The optional fields include added fields in the title and creator/contributor categories. In addition to instances where there are multiple alternate titles for an item, or where items have multiple creators/contributors, these repeated fields are used for multi-script records, e.g. original-script and Romanized forms of titles and names of creators/contributors in languages using non-Roman scripts
Subjects in the ephemera system are from a locally-created list of categories and sub-categories originally designed for the Latin American ephemera collection. This subject vocabulary periodically undergoes minor expansions and modifications to accommodate new additions to the ephemera collections. The elements in this vocabulary are mapped to LCSH. Geographic descriptors from the MARC list for countries (http://id.loc.gov/vocabulary/countries) are kept separate from the subject vocabulary elements, so as to avoid creating multiple region-specific strings that duplicate each other thematically. There are 2 geographic descriptor categories: one for the scope of materials, and one for place of origin. Researchers can combine geographic and subject facets in the search interface to target material of interest.
When the print ephemera are being prepared for imaging they are organized into numbered boxes and folders and, in cases where multiple items are contained within a single folder, item numbers are often penciled onto the items themselves. Boxes, folders, and items are all individually barcoded. In cases where applying barcodes directly onto items is unadvisable from a preservation standpoint, item barcodes can be affixed to the inside of the relevant folder. Box, folder and barcode items are scanned by the digital studio in a way that creates a virtual box-folder-item structure that mirrors the physical box-folder-item structure and imports images directly into their assigned place within that structure.
How does it fit into our discovery environment?
Completed ephemeral objects in figgy appear in the digital library (DPUL). MARC records are not created for ephemera at the item level. No ephemera collections are yet active in DPUL. As they become active, a workflow will be created to add collection-level MARC records in Voyager so these collections can be discoverable via PUL’s OPAC (collections, not specific items).
How does it fit into external discovery environments?
Completed ephemeral objects can appear in Google search results, but they are not sent to WorldCat. As collections become public and MARC records are created, the collections will be represented in WorldCat.
What material is this standard practice for?
Ephemeral material which is being digitized.
Examples:
The only examples currently public appear in the custom Latin American Ephemera site: https://lae.princeton.edu. An in-production collection of over 1,000 late-Soviet posters is being processed as an ephemera collection in figgy, and a collection of ephemera related to Euromaidan and the Ukraine Crisis was recently approved for digitization and figgy processing the Digital Projects Steering Group.

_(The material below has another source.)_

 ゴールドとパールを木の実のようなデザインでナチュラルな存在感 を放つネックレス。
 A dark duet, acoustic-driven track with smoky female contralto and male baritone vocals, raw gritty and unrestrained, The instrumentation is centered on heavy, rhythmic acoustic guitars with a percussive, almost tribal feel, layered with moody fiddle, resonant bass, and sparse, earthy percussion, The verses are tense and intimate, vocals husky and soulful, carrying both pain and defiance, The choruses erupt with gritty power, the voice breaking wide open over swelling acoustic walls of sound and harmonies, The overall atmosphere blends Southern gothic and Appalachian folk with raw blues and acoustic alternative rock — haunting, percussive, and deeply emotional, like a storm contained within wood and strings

Finding Aid/Archival Description
Archival description is designed to describe collections, such as organizational records, personal and family papers, and collected materials of generally unpublished materials. The main principle of all archival description is respect des fonds, which refers to the combined principles of provenance and received order. Provenance is the principle that records are arranged, described, and kept according to their origin and records from separate creators are kept separately. Received order is the principle that records are kept in the order established by the creator of the records. Order can be imposed in cases where material is received without any discernible organization. Intellectual order is distinct from physical order.

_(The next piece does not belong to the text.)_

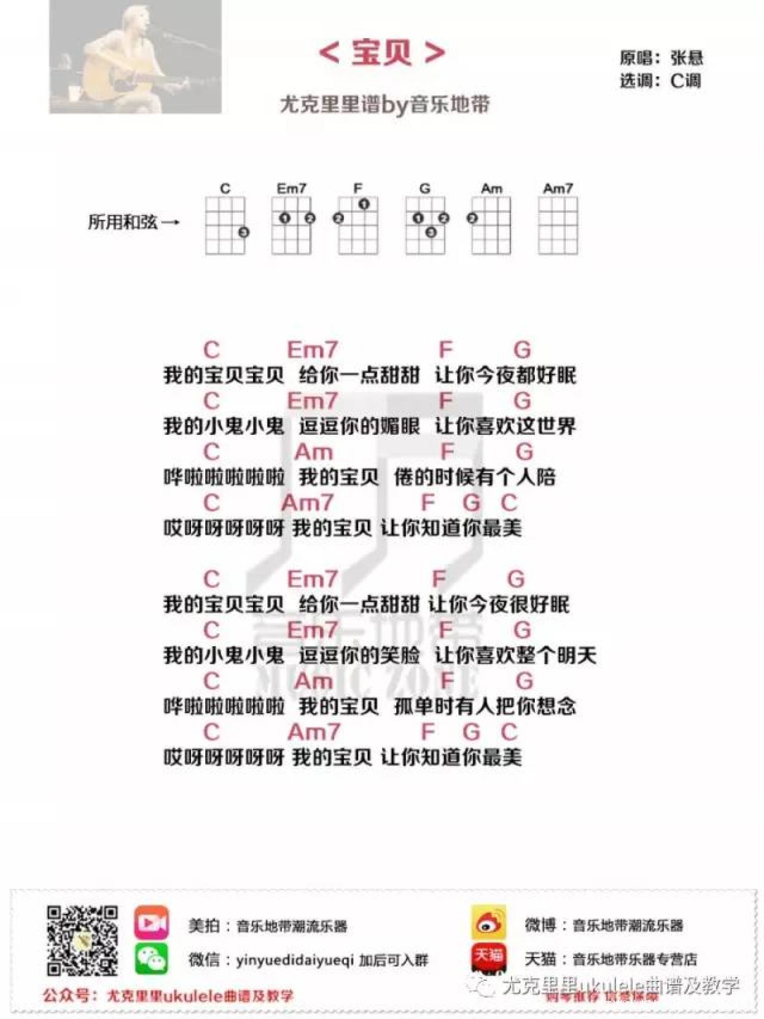曲谱介绍: 张悬的《宝贝》的创作对象是她自己 当时写这首歌的时候张悬还是个孩子 13岁和家人吵架就跑出去 后来哼唱出这首歌 只是借这首歌来自我安慰 就是小孩子渴望得到父母的关爱   张悬说 很多人喜欢《宝贝》这首歌 给我的回馈是,会对女儿唱这首歌 对情人唱这首歌、对父母唱这首歌 但他们从来不对自己唱这首歌,没有人会把自己当宝贝 我突然觉得大家对於自由 简单或是实现梦想充满了期待跟最后一点的无助 而那个无助让你感到退却或自卑   尤克里里教学   曲谱

- Content standards: Describing Archives: A Content Standard (DACS), Adapted UC Guidelines for Born Digital Archival Description
- Encoding standards: EAD (Princeton uses EAD 2002, not EAD3), EAC-CPF
- Who does the work: Archival Description and Processing Team (ADAPT)
- Range of data elements: Vast range of fields. See the links above for full list of DACS elements and EAD and EAC-CPF tags. EADiva is also a great resource for information on EAD tags and how they are used.
- Data is created in both Archivists’ Toolkit and Oxygen; and stored in SVN (“Subversion”), a central version-control system that stores and makes retrievable versions of edited files.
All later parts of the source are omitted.